Since America ended its centuries-long battle with racism this past November (seriously, we did; I heard it on NPR), the nation is free to move onto its next great civil rights battle: the extension and protection of the rights of homosexual and transgendered individuals. Like the battle over race, the cultural war over sexuality seems embedded in essentialist ideas that transform people into demographics and obscure the individual lives being affected.
While this battle has become a defining political issue the past few election cycles, Alison Bechdel has been on the front line for 25 years with her serialized cartoon Dykes to Watch Out For, recently collected in The Essential Dykes to Watch Out For. The strip began as single panel illustrations, forming a satirical catalogue of lesbian types, a tongue-in-cheek attempt by the author to, in her own words, “derive a universal lesbian essence from these particular examples.” Over the years, it expanded into a mix of soap opera and op-ed, sort of Democracy Now of Our Lives, growing to include a dozen characters and span five Presidential administrations.

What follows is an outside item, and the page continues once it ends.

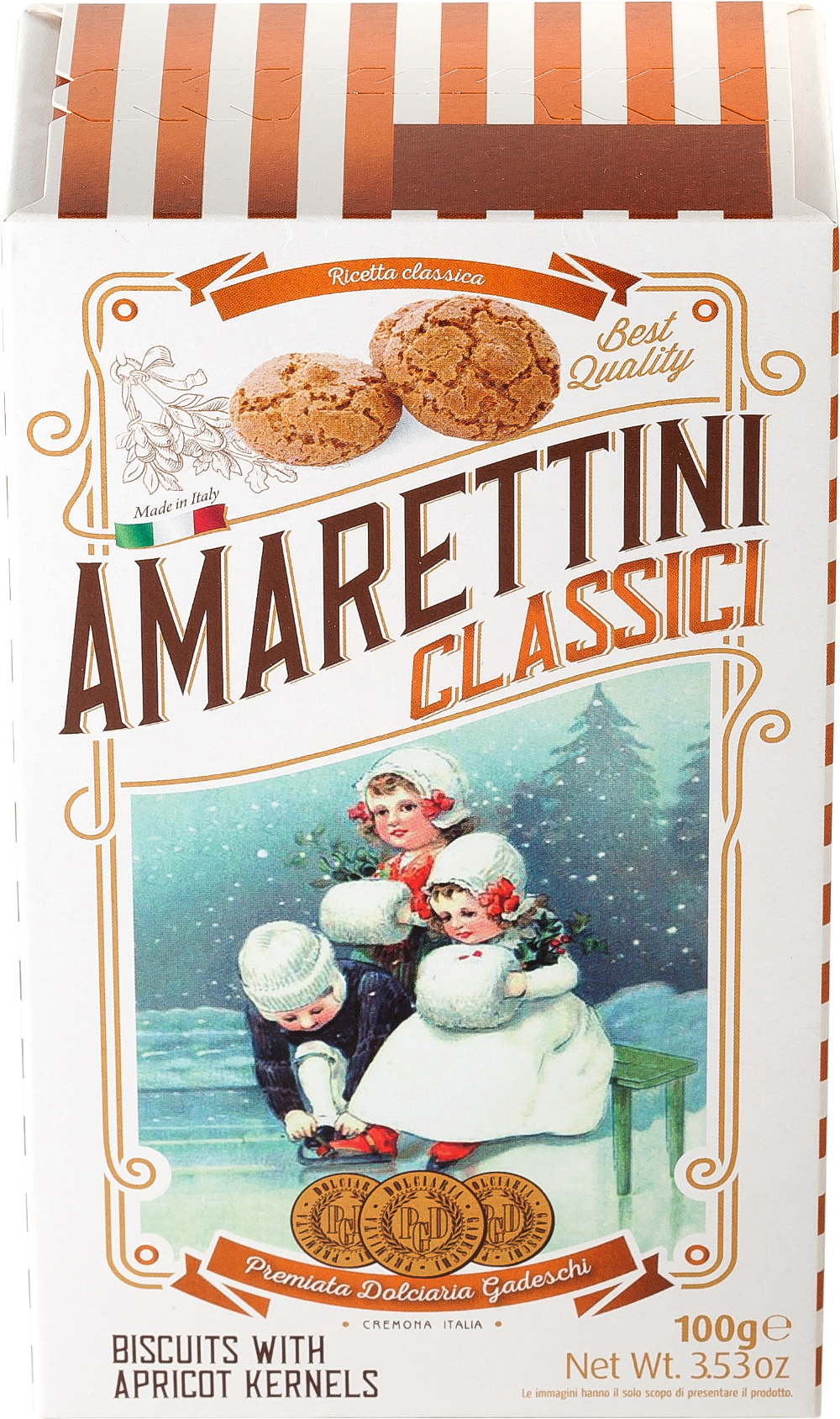 A smaller version of amaretti biscuits, amarettini are light, crunchy, airy little biscuits made with aromatic almonds - perfect for dunking into espresso or crumbling over tiramisu. With a nostalgic, traditional Italian-style illustration, the pretty box makes Gadeschi's Amarettini a really lovely Christmas stocking gift or take-along present when visiting friends and family.
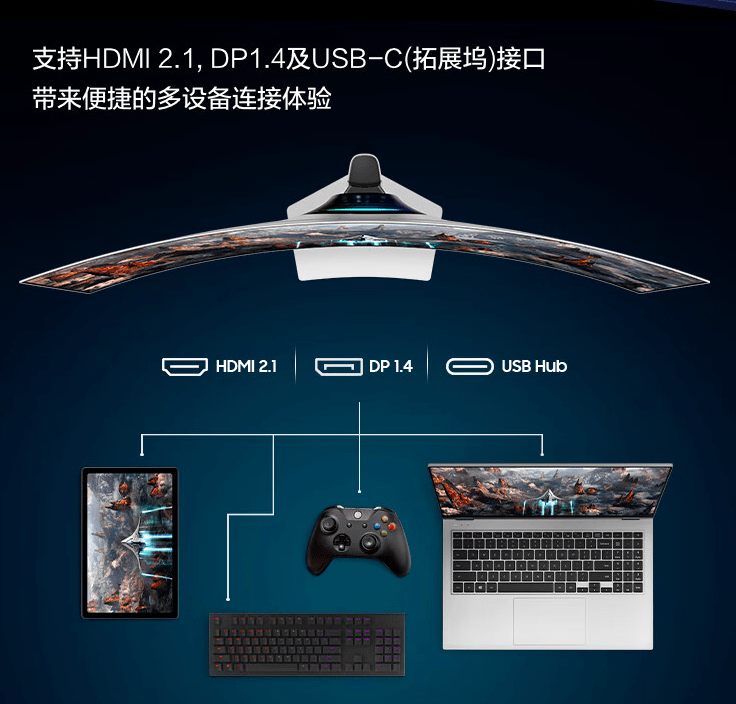 据介绍,这款显示器采用了 49 英寸 OLED 带鱼屏(32:9),1800R 曲率,5120x1440 分辨率,240Hz 刷新率,0.03ms 响应时间,99% DCI-P3 色域,1000 尼特峰值亮度。

The Essential Dykes to Watch Out For collects over 300 of the 500-plus full-page cartoons Bechdel has produced since the series’ 1983 debut. The volume’s title plays less on Bill Watterson’s running joke of titling Calvin and Hobbes reprint collections with evermore necessary-sounding adjectives (The Essential, The Authoritative, The Indispensable ) and more on Bechdel’s attempts to balance essentialist and constructivist ideas of gender. At the start, Bechdel’s world seems populated with a collection of types rather than individuals, but with deft character development and a seemingly bottomless well of warmth and humanism, the members of Bechdel’s sprawling cast take on their own voices, defying expectations of type and embracing contradictions in the frustrating and compelling way real people do.
While on a surface level, the book is driven by the constant and sharply-rendered soap opera plots of shifting partners, shifting relationships, and the characters fumbling towards maturity, whatever that’s supposed to mean, the developing politics of the nation are of equal interest, serving not just as a backdrop but as a tentpole for the series as whole.
The one thing shared by all the series’ central characters is not sexual orientation (the cast includes lesbians, bisexuals, transgendered individuals, gender-variant individuals and even a stray straight male), it is involvement in the political process. Over its quarter-century run, Dykes to Watch Out For shows the impact of shifts in political climates and legislation– as well as the effects of media consolidation, advertising and the rise of “big box” retail– on its characters.
Even more compelling about the collected edition is the opportunity to watch Bechdel develop as an artist. Starting from the R. Crumb-inspired shaky lines of her early cartooning, which leave her pages feeling busy to the point of jittery, Bechdel eases into thicker, more confident lines to define her characters, while retaining her thinner more exacting lines to render the almost exhaustive detail with which she packs each panel.
Bechdel described her attention to detail as “an uncontrolled literalism,” a need to show as much as possible. “Do I draw the name of the book on the spines of the books on the bookshelf?” she wondered aloud to me in an interview. “Do I draw the logo of the publisher on the spine? Do I draw the wood grain on the bookshelf?” This attention to detail gives the later cartoons a lush feel, allowing the reader to linger on background details in each panel. In fact, many of Bechdel’s best jokes occur on the spines of books or the shifting headlines of newspapers. She has an uncanny ability to juxtapose news coverage, be it from NPR or Fox News, with the daily traumas of her characters, as radios and televisions constantly foretell doom in the background.
All this may make Dykes to Watch Out For seem ponderously grim, but the thing to keep in mind is that the series is consistently hilarious. Bechdel is witty and withering; the bone-dry humor she displayed in her rightfully lauded memoir Fun Home was honed to an edge on the serial work collected here. While not every page plays for laughs, most are layered thick with clever swipes at politicians, cultural trends, and the characters themselves.
If there’s one complaint to be made, it is that some cartoons had to be left out of the collection. There’s a lot here, but the occasional omission of cartoons combined with the large cast and juggling storylines sometimes leave the reader with the feeling they’ve missed something, or that they’d have happily paid an extra ten dollars to upgrade to more of an omnibus-level collection. As a new administration steps in to office with no apparent intention to staunch America’s hemorrhaging credibility on the subject of gender-based rights, artists like Bechdel, who put an array of human faces on something that has been abstracted into an Issue, become ever more necessary. If you find yourself troubled describing this volume with a loaded word like “Essential”, perhaps its better to choose one whose double meaning is completely covered by it: “Critical”.